● **What to produce**
Any image in the records is to be dropped, and everything else duplicated precisely.

● **Material supplied**
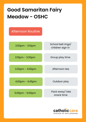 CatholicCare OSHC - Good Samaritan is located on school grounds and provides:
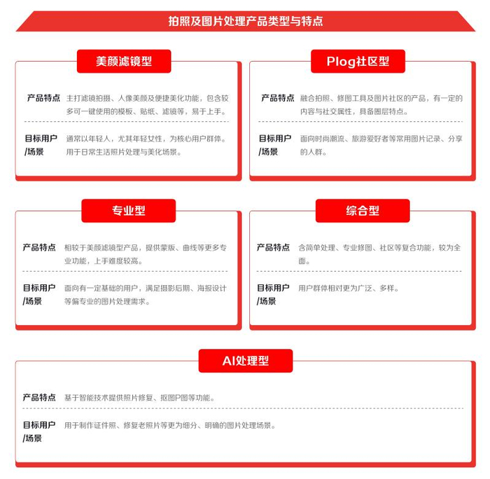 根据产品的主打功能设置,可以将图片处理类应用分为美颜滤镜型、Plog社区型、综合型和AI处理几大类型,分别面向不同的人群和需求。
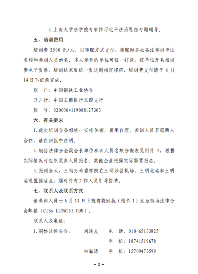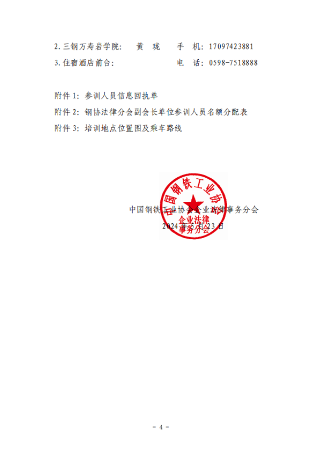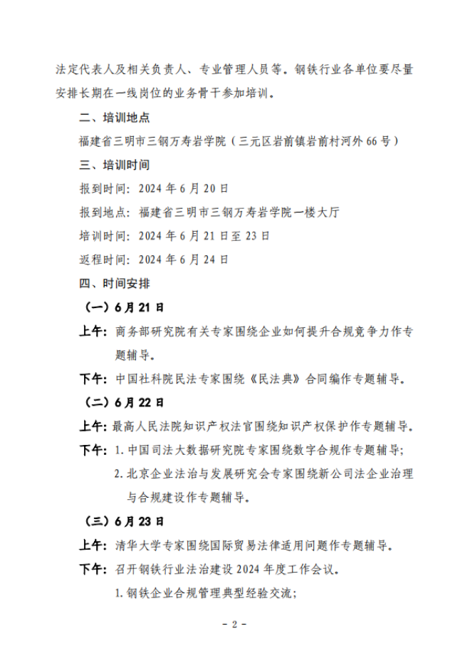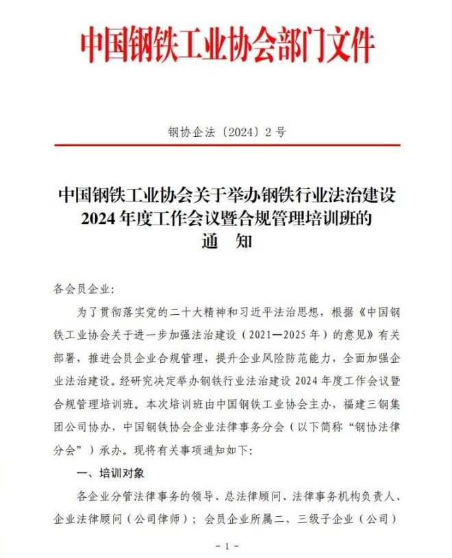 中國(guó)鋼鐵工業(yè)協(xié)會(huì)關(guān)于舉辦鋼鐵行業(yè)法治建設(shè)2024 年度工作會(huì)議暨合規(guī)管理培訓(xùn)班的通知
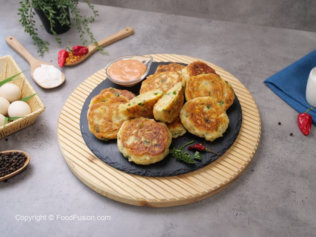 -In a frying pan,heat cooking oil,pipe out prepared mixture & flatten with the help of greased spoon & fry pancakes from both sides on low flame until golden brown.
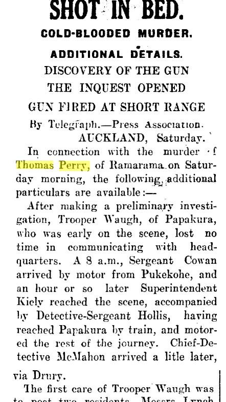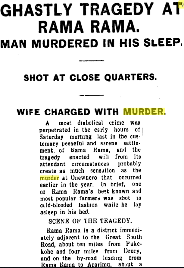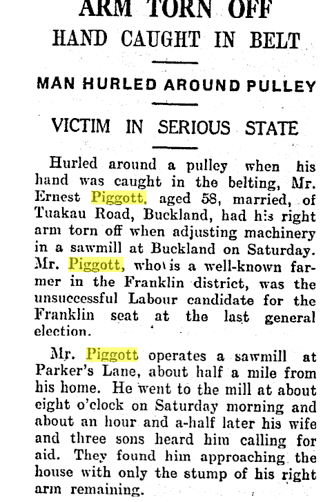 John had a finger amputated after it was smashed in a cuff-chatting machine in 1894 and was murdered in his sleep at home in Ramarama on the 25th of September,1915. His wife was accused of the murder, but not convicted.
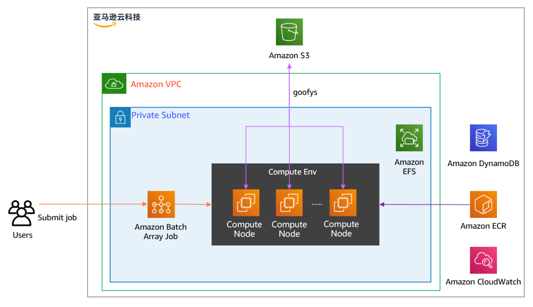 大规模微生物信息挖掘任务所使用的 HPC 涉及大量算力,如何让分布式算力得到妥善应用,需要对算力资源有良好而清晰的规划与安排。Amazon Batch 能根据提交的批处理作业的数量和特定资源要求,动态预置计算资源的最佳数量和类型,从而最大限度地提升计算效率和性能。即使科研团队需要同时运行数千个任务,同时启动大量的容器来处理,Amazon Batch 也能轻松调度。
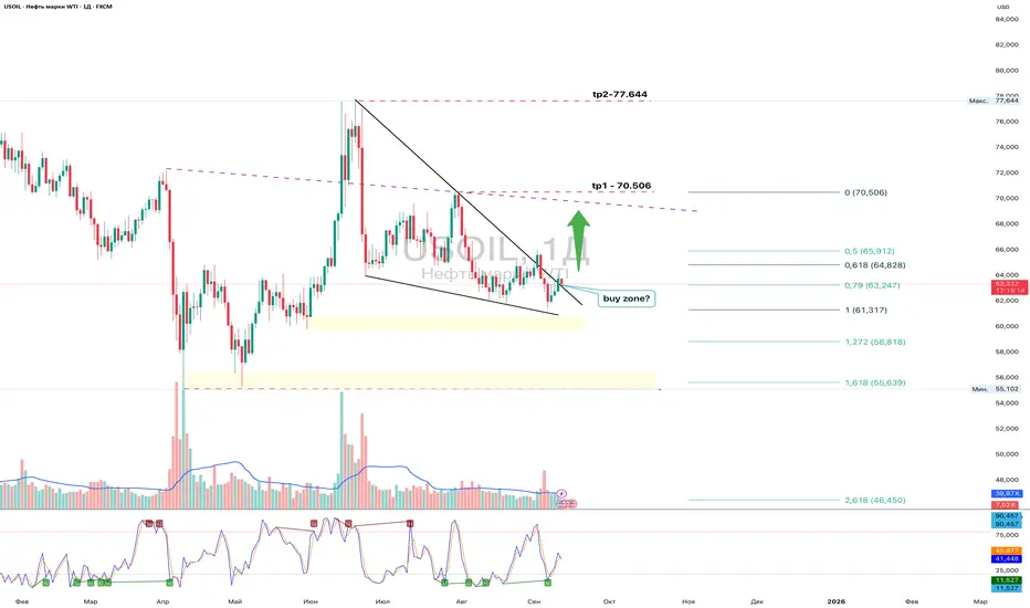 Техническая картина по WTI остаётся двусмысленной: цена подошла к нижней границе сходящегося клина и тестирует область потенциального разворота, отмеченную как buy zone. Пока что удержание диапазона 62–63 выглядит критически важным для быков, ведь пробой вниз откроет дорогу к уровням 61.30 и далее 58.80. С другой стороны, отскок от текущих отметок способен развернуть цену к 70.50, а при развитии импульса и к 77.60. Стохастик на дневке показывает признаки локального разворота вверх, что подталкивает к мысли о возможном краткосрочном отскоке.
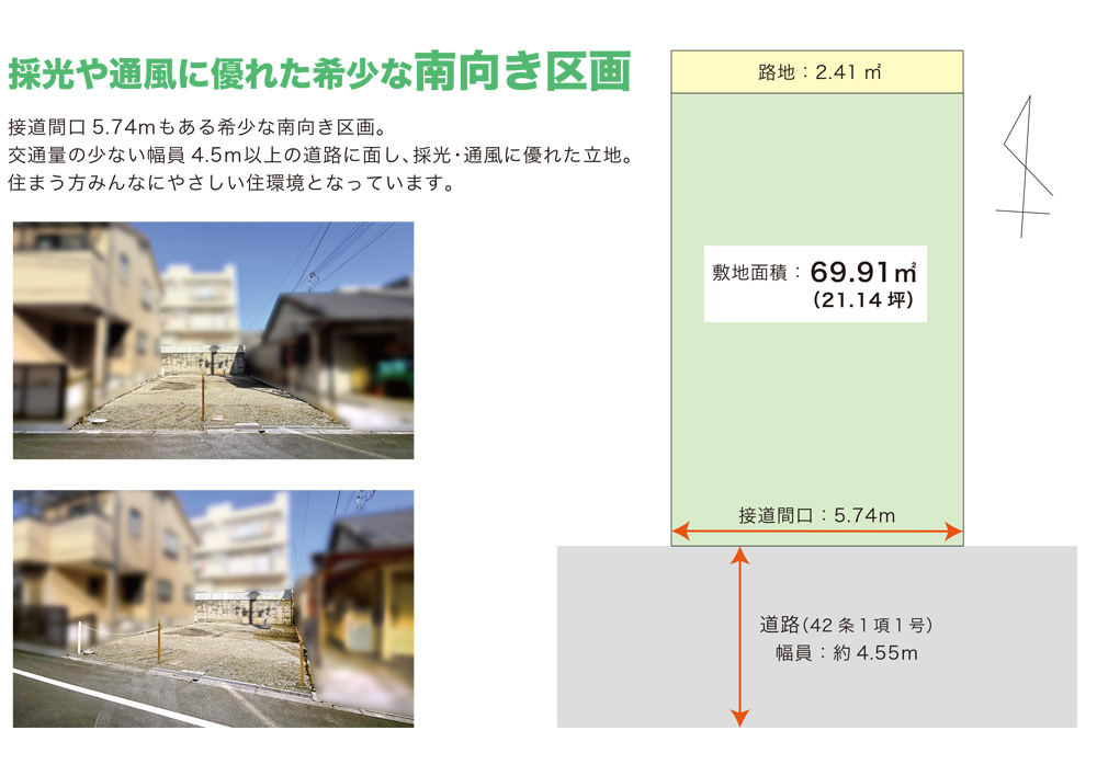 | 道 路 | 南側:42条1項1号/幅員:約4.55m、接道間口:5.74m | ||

● **Exercise result**
 CatholicCare OSHC - Good Samaritan is located on school grounds and provides:
 根据产品的主打功能设置,可以将图片处理类应用分为美颜滤镜型、Plog社区型、综合型和AI处理几大类型,分别面向不同的人群和需求。
 中國(guó)鋼鐵工業(yè)協(xié)會(huì)關(guān)于舉辦鋼鐵行業(yè)法治建設(shè)2024 年度工作會(huì)議暨合規(guī)管理培訓(xùn)班的通知
 -In a frying pan,heat cooking oil,pipe out prepared mixture & flatten with the help of greased spoon & fry pancakes from both sides on low flame until golden brown.
 John had a finger amputated after it was smashed in a cuff-chatting machine in 1894 and was murdered in his sleep at home in Ramarama on the 25th of September,1915. His wife was accused of the murder, but not convicted.
 大规模微生物信息挖掘任务所使用的 HPC 涉及大量算力,如何让分布式算力得到妥善应用,需要对算力资源有良好而清晰的规划与安排。Amazon Batch 能根据提交的批处理作业的数量和特定资源要求,动态预置计算资源的最佳数量和类型,从而最大限度地提升计算效率和性能。即使科研团队需要同时运行数千个任务,同时启动大量的容器来处理,Amazon Batch 也能轻松调度。
 Техническая картина по WTI остаётся двусмысленной: цена подошла к нижней границе сходящегося клина и тестирует область потенциального разворота, отмеченную как buy zone. Пока что удержание диапазона 62–63 выглядит критически важным для быков, ведь пробой вниз откроет дорогу к уровням 61.30 и далее 58.80. С другой стороны, отскок от текущих отметок способен развернуть цену к 70.50, а при развитии импульса и к 77.60. Стохастик на дневке показывает признаки локального разворота вверх, что подталкивает к мысли о возможном краткосрочном отскоке.
 | 道 路 | 南側:42条1項1号/幅員:約4.55m、接道間口:5.74m | ||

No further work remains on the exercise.